Members of Congress from both parties repeatedly called on the Trump administration to halt multiple detentions and deportations included in the letter with no response.

“National attention is now focused on Jimmy’s heartbreaking story,” the letter read. “It is incumbent upon us to act, in this moment of tragedy, to ensure that this never happens again. If your Administration continues to deport Iraqi nationals, it knowingly and willingly risks more preventable deaths. As such, we implore you to end the detention and deportation of Iraqi nationals living in the United States without delay.”

Levin mentioned Aldaoud’s story and conditions in which he was deported. He said that another Christian deported to Iraq on Aug. 12 was shot two times in leg on his way to church and is recovering at the hospital.

“People are going to continue to die at our border and in these countries when we deport them for no reason except to expand the base of a white supremacist,” he said. “Not in our country. We need you to press the Congress, to press the city of Dearborn, to press the administration to change course now and provide dignity to immigrants in our country.”

Tlaib said she did a surprise, unannounced visit to the Calhoun County Detention Center earlier that day and was refused entry to see the conditions, but that she still plans to go back.

“We have to continue demanding access into these facilities to expose it because the way we’re going to get the city of Dearborn and all those to really, truly disconnect with ICE is going to be to push that they are currently violating national detention standards,” she said. “There are standards, believe me there are. We’re just not forcing them to comply with them and we have to comply especially if it’s medical or survivors of trauma.”

She added that giving the evidence to places like the police department, who say they are only holding detainees until they are sent to the airport, is important.

“Trust me, I have a great relationship with the chief here and he’s always been extremely sympathetic with sometimes our call for justice and accountability for even his own department, but the way we do it is telling him how our own administration is violating people’s civil liberties, civil rights and international human rights,” Tlaib said. “That’s when we have to tell them to step away and not have connection with an organization so rogue, so un-American and so not who we are.”

Dingell said, “We have to stand up to hate. This country is being divided by fear and hatred and it’s wrong.

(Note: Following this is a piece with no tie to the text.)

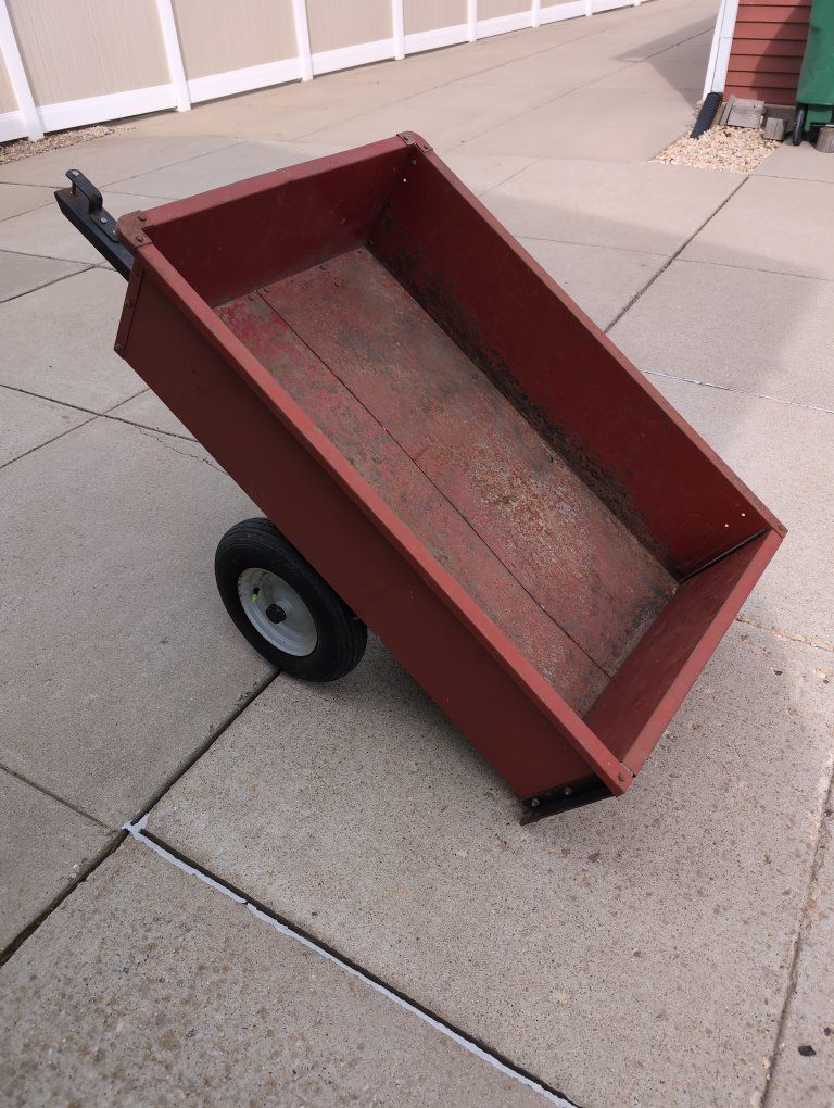 Venmo10 cubic ft, 350 lb capacity dump trailer. tows behind any lawn tractor / riding mower or atv. good condition.

We stand here today, members of all faiths — we must stand up to hate and everyone of us has the responsibility, everyone of us, when we see it speak up and speak out. We want to organize a Take on Hate effort as well in the next couple of weeks.”

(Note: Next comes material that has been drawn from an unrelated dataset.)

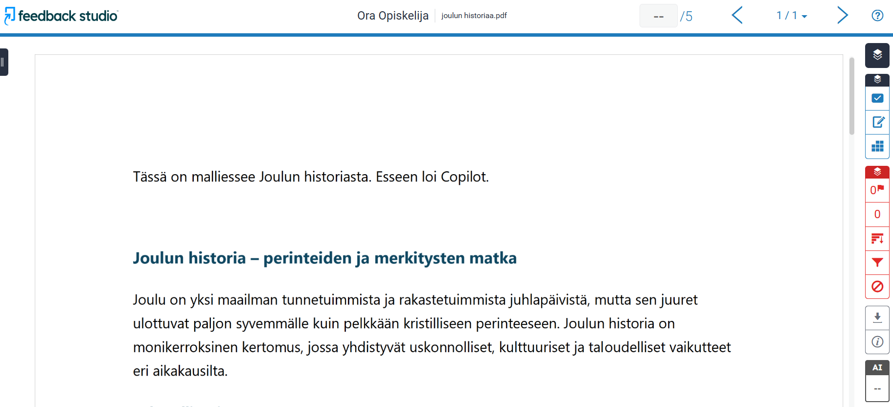 - Feedback studiossa opettajan-työkalut ovat tekstin vieressä oikealla. Siniset työkalut liittyvät arviointiin ja punaiset samankaltaisuuden tarkasteluun. Alimmaisena on tekoälyllä luodun tekstin tunnistustyökalu (AI), joka toimii tällä hetkellä vain englanninkielisillä, espanjankielisillä sekä japaninkielisillä teksteillä.

Birmingham Temple Humanistic Rabbi Jeffrey Falick said he loves America, not only for taking in his family, but millions of others.

“Our diversity represents the best of America, it’s on display this evening as we gather here together in solidarity,” he said. “Jews, Muslims, Christians, believers and non-believers, every race, ethnicity and heritage united by a thirst for justice, united by a commitment for human dignity and freedom for all the inhabitants of this land. United by a pledge that we will preserve that torch of liberty and it will remain a beacon of all human kind.”

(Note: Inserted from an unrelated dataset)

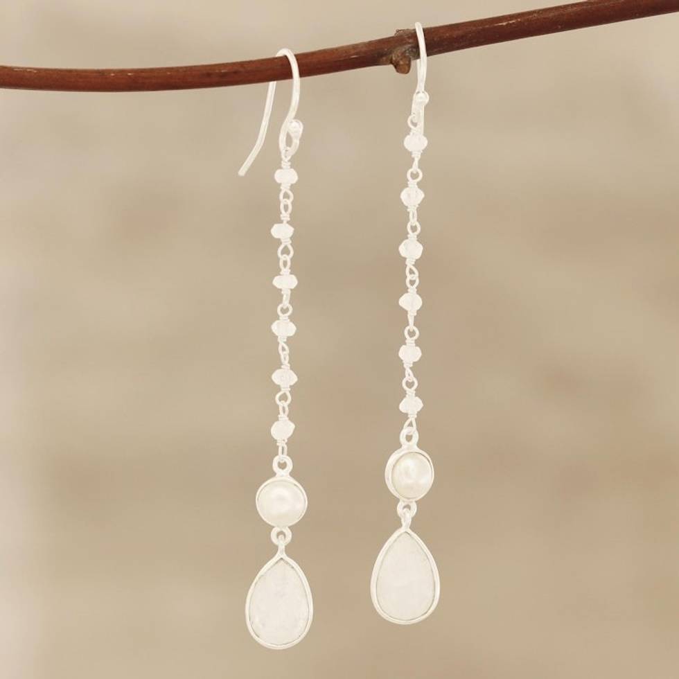 Rainbow Moonstone and Cultured Pearl Dangle Earrings 'Purest Harmony' Item ID: 2669941887

A petition started by Emma Green to be sent to the Dearborn City Council had 44 signatures of the needed 100 as of Aug. 15. Amnesty International is the organization listed on the petition asking Dearborn and Michigan to do what it can to support and protect refugee or migrant citizens.

According to the petition requests, the organization wants Dearborn to adopt a resolution that does multiple things to ensure the safety of refugees or immigrants.

“Because Dearborn is a diverse city that is home to residents of various racial, national, religious and other identities, we believe that the city of Dearborn should be proactively setting in place legislation which helps those who may be targeted or otherwise threatened by the current or a future presidential administration,” the petition reads.